Anyone Can Watercolor: The Basics for Painting Magical Art Beginner Level

Yasmina Creates · Artist & Creativity Cheerleader

Beginner24 min
Anyone Can Watercolor: The Basics for Painting Magical Art Beginner Level thumbnail

A tight 24-minute rundown of watercolor fundamentals that trades depth for speed, best treated as a checklist rather than a full course.

New to Skillshare? Your first month is free, enough to take this course at no cost.

Anyone Can Watercolor is built around a simple premise: most people who quit watercolor quit because nobody explained the basics, not because the medium is actually hard. Yasmina Creates, a self-taught watercolor and mixed-media artist, spends the first third of the class on materials, then moves into wash techniques, then finishes with a guided project that ties the pieces together. At 24 minutes across 12 short lessons, it moves fast.

What the class actually covers

The materials section is the most practical part of the course. Rather than pushing expensive gear, the instructor recommends starting with one good round brush (she names a Kuretake Menso and a Silver Velvet squirrel-hair brush as her own picks) and one flat brush, explains why natural or natural-mimicking hair matters for holding water and releasing pigment evenly, and gives a clear rule for paper weight: nothing under 140 pounds. She also flags a specific budget pick, Canson XL, as the cheapest 140-pound paper she has found good results with. This section will save a beginner real money and real frustration, since it heads off the two most common early mistakes: cheap fraying brushes and paper that buckles or pills under water.
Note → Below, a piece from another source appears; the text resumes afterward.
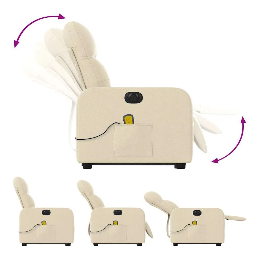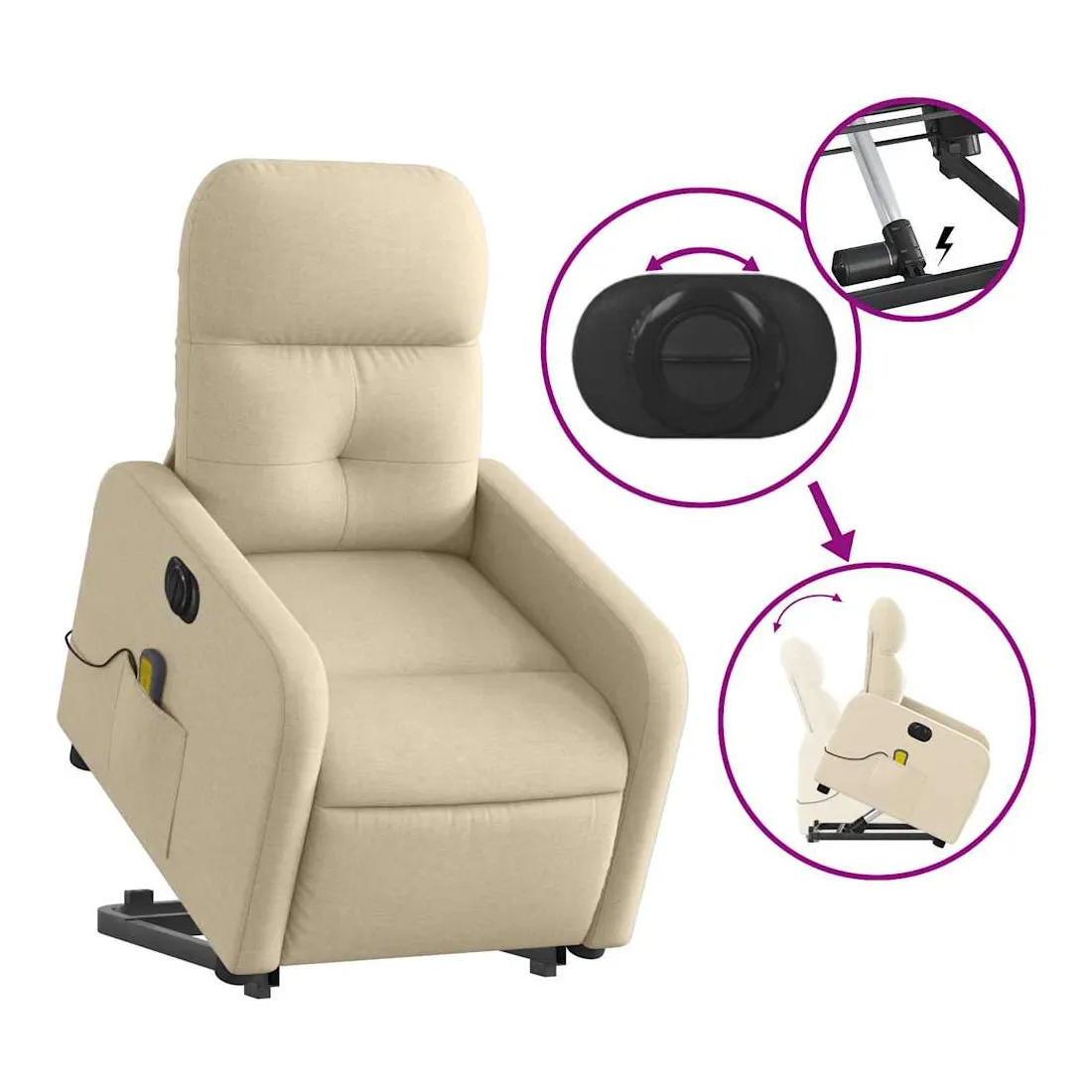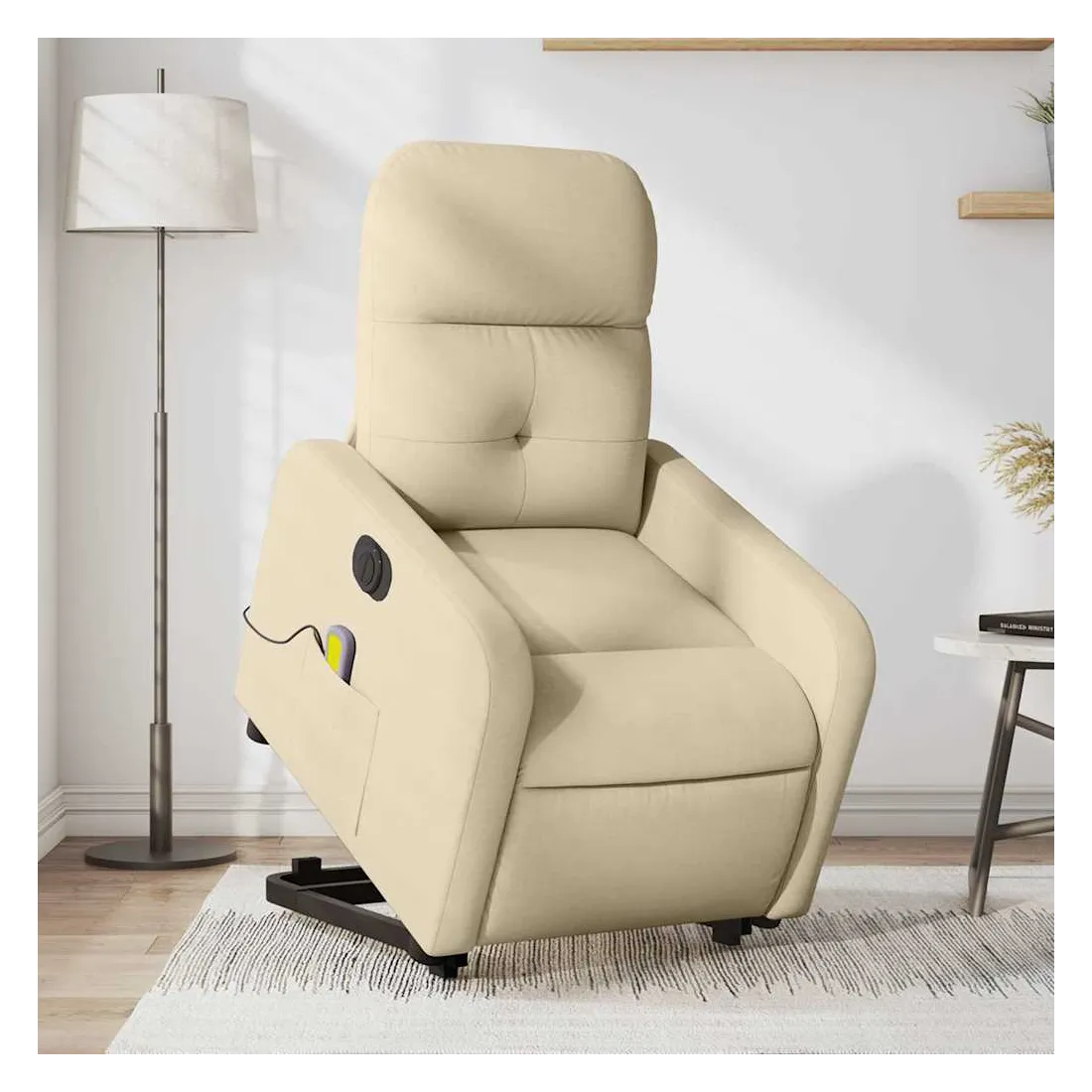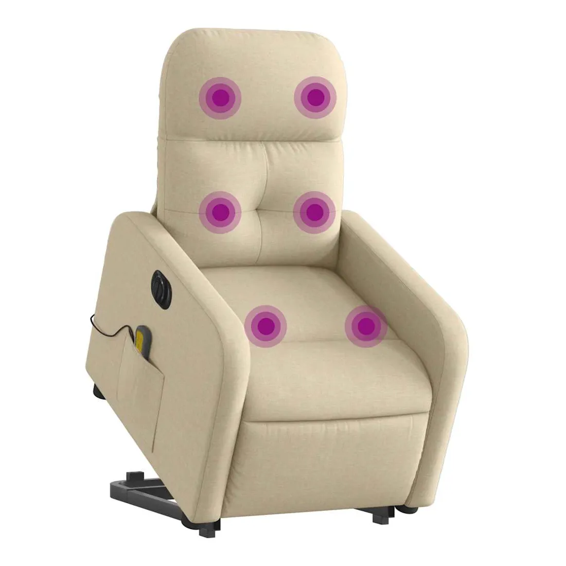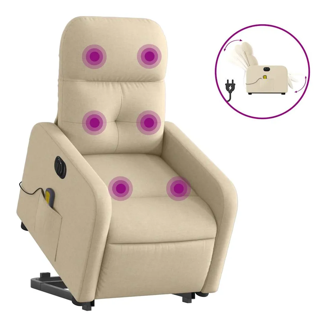 Asseyez-vous et détendez-vous dans ce fauteuil inclinable de massage électrique très confortable ! Fonction de levage électrique : ce fauteuil inclinable pour personnes âgées est équipé d'un moteur électrique pour la fonction de levage. Grâce à la fonction qui pousse toute la chaise vers le haut, vous pouvez facilement vous tenir debout sans stresser votre dos et vos genoux en appuyant simplement sur le bouton.Fonction d'inclinaison électrique : ce fauteuil inclinable est également équipé d'un moteur électrique qui permet de régler automatiquement le repose-pied et le dossier dans n'importe quelle position, selon votre confort, en appuyant simplement sur le bouton situé sur le côté du fauteuil. Cette fonction permet une inclinaison maximale de 135 degrés. En outre, le dossier peut revenir automatiquement à sa position d'origine par une simple pression sur le bouton.Fonction de vibration : les 6 points de massage vous permettent de faire l'expérience d'un massage mieux ciblé. De plus, la télécommande incluse vous permet de choisir différents programmes de massage. La fonction de massage est alimentée par le connecteur USB qui nécessite une source d'alimentation USB certifiée de 5 V (non fournie).Expérience d'assise confortable : le siège, le dossier et les larges accoudoirs bien rembourrés recouverts de tissu procurent une sensation confortable et chaleureuse, vous permettant de vous sentir enveloppé lorsque vous êtes assis. Le tissu présente un aspect simple et épuré et est respirant et durable.Poche latérale pratique : ce fauteuil est doté d'une poche latérale pour ranger votre télécommande ou garder vos objets essentiels à portée de main.

The technical core is the six wash techniques: wet-on-wet, dry-on-wet, wet-on-dry, dry-on-dry, flat wash, and gradient wash. Each gets a short demonstration and a one-line description of when to use it, for example dry-on-dry for tree bark texture or wet-on-wet for soft, edge-free backgrounds. This is a genuinely useful framework, since it names techniques a beginner might otherwise stumble into by accident without knowing what to call them or how to repeat them deliberately. The lesson on layering and blending reinforces the single most important rule in watercolor, that white paper is the only true white available and everything must be planned light to dark, which is worth the price of admission on its own for anyone new to transparent media.

Where it thins out

The one-color sphere exercise is the strongest teaching moment in the class, since it compresses layering, blending, lifting, and shadow logic into one small, repeatable shape rather than asking a beginner to manage all of it on a full painting immediately. The final feather project then applies masking fluid, salt texture, and layered color to a single subject, but the walkthrough moves quickly through steps like squinting at a reference photo to find dark values or building a background wash with deliberate paper gaps, without lingering long enough for a true first-timer to absorb the reasoning before the next step arrives.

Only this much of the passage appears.